In the recent case of Jallali v. Knightsbridge Village Homeowners Association, Inc., 2016 WL 320601 (Fla. 4th DCA Jan. 27, 2016), Florida’s Fourth District Court of Appeal held that when a bank files a lis pendens against a property, the Court in which the case is filed obtains exclusive jurisdiction over all encumbrances on the property – including unrecorded interests (e.g., HOA liens). This means that any judgment entered in a case filed after the original lis pendens is void.
Lis pendens refers to a suit pending, or a written notice that a lawsuit has been filed which concerns the title to real property or some interest in that real property. The notice is filed with the clerk of the court and is then recorded in public records. This gives notice to the defendant who owns the property that there is a claim against it and also informs the general public (particularly anyone interested in buying or financing the property) that there is a potential claim against the property.

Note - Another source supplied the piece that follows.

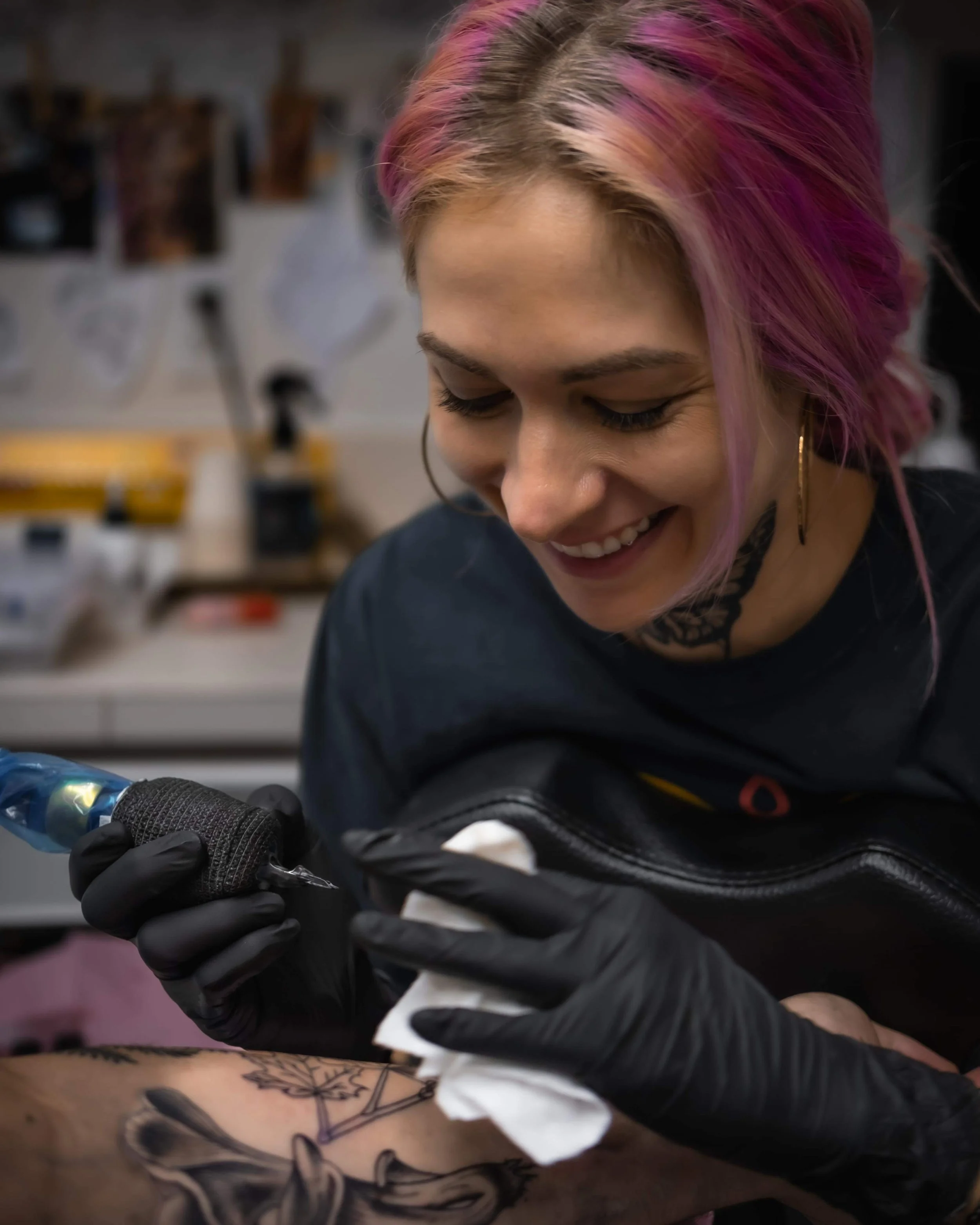 Goldie has been tattooing for over 4 years, starting her journey under the talented artists of The Good Life Tattoo Parlor in El Paso, TX. Her work is inspired by all things nature: animals (living, fantasy, and extinct), flowers, foliage, skulls, and feminine subjects. She also brings anime, cartoons, and vibrant illustrative styles to life through her tattoos. Goldie specializes in fineline, illustrative, semi-realism, and neotraditional, with a touch of color realism when the subject calls for it. You can also book and chat with her about your ideas through her business email: kunu.tattoos@gmail.com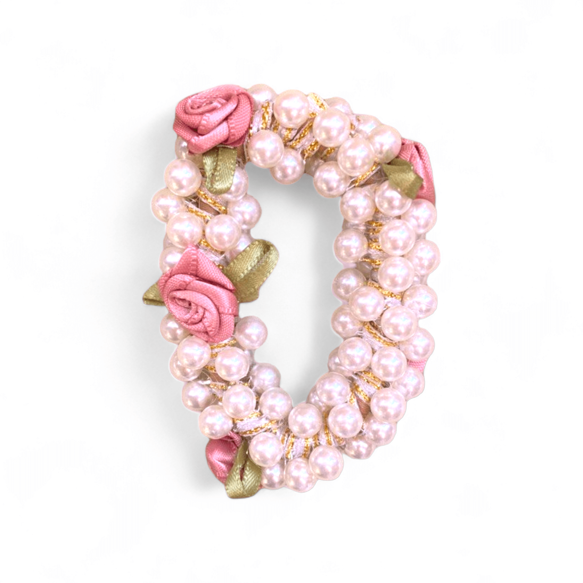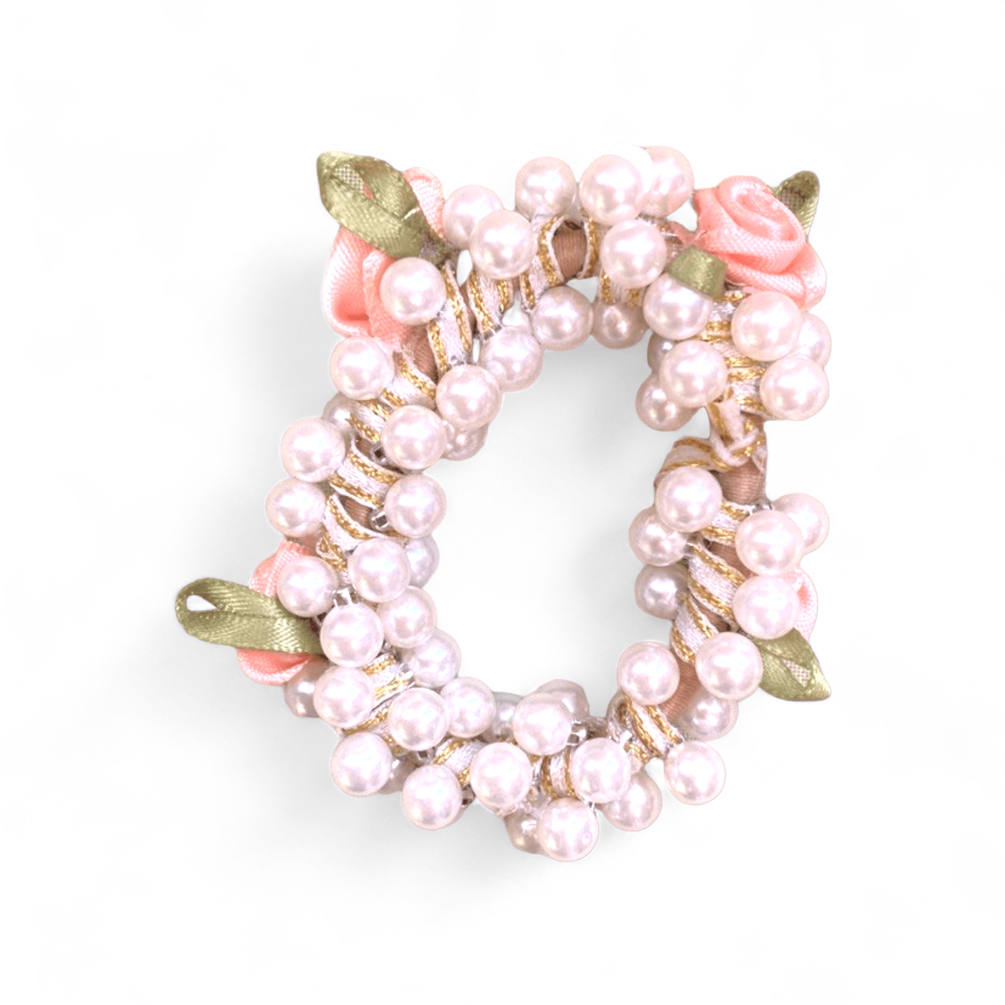 کش بافت مرواریدی با گلها و برگهای روبانی

In Jallali, the homeowner appealed a non-final order denying her motion to vacate the final judgment of foreclosure obtained by a homeowners’ association. Jallai claimed that the trial court lacked subject matter jurisdiction because the association’s foreclosure proceeding was filed after the bank’s separate mortgage foreclosure was pending against the same property.
In May 2007, the bank filed a foreclosure action against Jallali and recorded its notice of lis pendens against her property. The association was named as a defendant, and the bank’s successor-in-interest obtained a final judgment of foreclosure in 2014. However, in 2011, while the above action was pending, the association recorded a claim of lien, and, in 2012, foreclosed against the same property. Subsequently in 2015, Jallali moved to vacate the association’s 2012 final judgment of foreclosure based on the ruling in U.S. Bank National Association v. Quadomain Condominium Association, 103 So. 3d 977 (Fla. 4th DCA 2012), and Section 48.23, Florida Statutes (2015).
In Quadomain, the holder of a first mortgage (bank) on a condominium filed a foreclosure action, recorded a notice of lis pendens, and obtained a final judgment. Thereafter, the condominium association recorded a claim of lien for unpaid fees, filed a foreclosure action, obtained a default judgment, and the property was sold. The bank moved to vacate, arguing the association’s foreclosure was barred because it was filed after the bank had filed its lis pendens. The trial court denied the motion, and the bank appealed.
The issue on appeal was whether the bank’s lis pendens divested the trial court of jurisdiction to adjudicate the association’s lien. The Quadomain Court concluded that:
…the only way to enforce a property interest that is unrecorded at the time of lis pendens is recorded is by timely intervening in the suit creating the lis pendens—all other actions are barred…Therefore, the court presiding over the action which created the lis pendens has exclusive jurisdiction to adjucate any encumbrance or interest in the subject property from the date the lis pendens is recorded to the date it enters final judgment.
Following this reasoning, the Jallali Court ruled:
In the present case, when the mortgagee filed its foreclosure action and recorded its notice of lis pendens in May 2007, the association had not yet recorded a notice of lis pendens with regard to its 2011 lien and 2012 foreclosure action……Accordingly, based on section 48.23, Florida Statutes (2015), Quadomain, and the cases cited therein, we conclude that the final foreclosure judgment which the association obtained in the 2012 case was void because the trial court lacked jurisdiction at that time. Exclusive jurisdiction to foreclose on Jallali’s property was in the circuit court conducting the mortgagee’s foreclosure action in the 2007 case. Accordingly, we reverse the order denying Jallali’s motion to vacate final judgment of foreclosure.
In the past several years, community associations have filed separate lien foreclosure actions despite the existence of a pending mortgage foreclosure on the same property. The rationale was that the community association could complete its foreclosure quicker than the bank, and, then, rent the property while the mortgage foreclosure was pending – often associations were able to rent the property for many years. Unfortunately, based on the rulings in Quadomain and Jallali, this strategy may be coming to an end.